Das Internet ist schon eine tolle Sache. Informationen sind in Sekunden schnelle überall abrufbar. Du brauchst keine Zeitung mehr, keinen Fernseher oder Radio. Du gehst einfach mit dem neusten Handy „On“, und kannst so bequem von der Bahn aus die neuesten Infos abrufen. Echt praktisch.

Du verwaltest Deine Freunde in Freundes listen, wie Pokale in einer Vitrine. Schau mal, wie viele Freunde Du hast! Mehr als jeder andere. Du kannst jederzeit mit ihnen plaudern, Neuigkeiten sofort austauschen. Einer ist immer online.

Und wenn nicht? Egal, dann findet sich jemand neues. Wozu Freundschaften pflegen? Man findet doch sofort neue Online. Echt praktisch. Und wenn Du keinen Bock mehr auf jemanden, dann sortierst Du ihn einfach aus. Ein Mausklick, und er / sie ist Geschichte.

Bock auf nacktes Fleisch? Warum sich noch die Mühe machen, und um eine Frau zu werben. Ein paar Mausklicks und „Zack“, hast Du jede Menge nackte Frauen. Und viele sind davon auch willig. Hoffst Du jedenfalls. Du brauchst Dich nicht mal anstrengen. Glaubst Du jedenfalls. Einfach eine kurze Nachricht, und das Date steht. Es ist noch nicht einmal Niveau notwendig, man muss nur Aufdringlich genug sein. Frechheit siegt. Irgendeine wird schon darauf anspringen. Also verbringst Du viele Stunden vor Deinem PC, auf der Suche nach dem schnellen Fick, angestachelt von den vielen Nackten Frauen.


Aber was ist das? Spürst Du es? Nein? Dann horch mal ganz tief in Dich hinein. Spürst Du es jetzt? Wann hast Du das letzte mal jemanden von Deinen „Freunden“ getroffen? Schon eine Weile her, oder?

Und worüber habt ihr gesprochen? Hab ihr euch über eure neusten Erlebnisse ausgetauscht? Dein letztes Missgeschick? Oder welche Frau Dein Interesse geweckt hat?

Ach ne, ich vergaß ja. Du suchst Dir Deine Nackedeis im Internet aus. Und wenn eine nicht will, egal. Dann schreibst Du die nächste an. Und wieder. Und wieder. Und immer wieder. Irgendeine wird auf Deine Plumpe Anmache schon hereinfallen. Aber redet ihr über so etwas?

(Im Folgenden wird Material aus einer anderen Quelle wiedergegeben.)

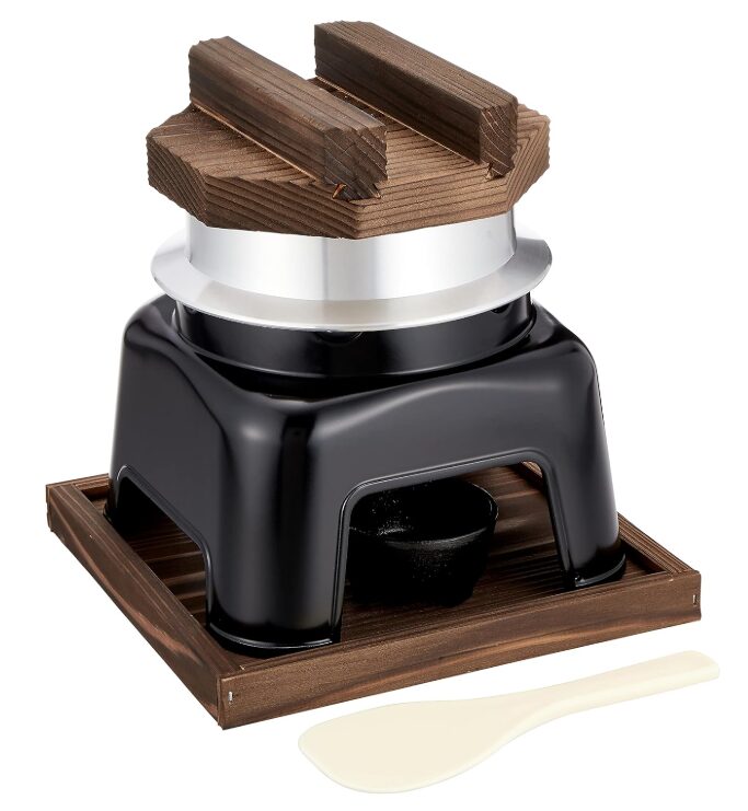 本製品はアルミ製の一合炊き釜に、台座と固形燃料用受け皿がセットになった釜めし調理セットです。

Was ist mit der neuesten Fernsehsendung? Ach, ich vergaß. Darüber habt ihr schon vor einer Stunde miteinander gechattet.

Den neusten Mist, den die Regierung verzapft hat? Auch schon gechattet. Den neusten Witz? Schon per SMS an den kompletten Verteiler geschickt. Also sitzt ihr jetzt den ganzen Abend zusammen, und wechselt kein Wort miteinander. Weil ihr nichts mehr miteinander zu besprechen habt. Es ist bereits alles gesagt.

Stattdessen hockt ihr Still vor der Flimmerkiste und lasst euch berieseln. Stille. Vielleicht lacht ihr mal gemeinsam über das erbärmliche Leben anderer Leute, die sich in Reality Shows prostituieren. So holt Ihr euch euer Selbstwertgefühl zurück, in dem ihr euch daran erfreut, dass andere ein beschisseneres Leben hat als Ihr selbst hat. Wie Erbärmlich.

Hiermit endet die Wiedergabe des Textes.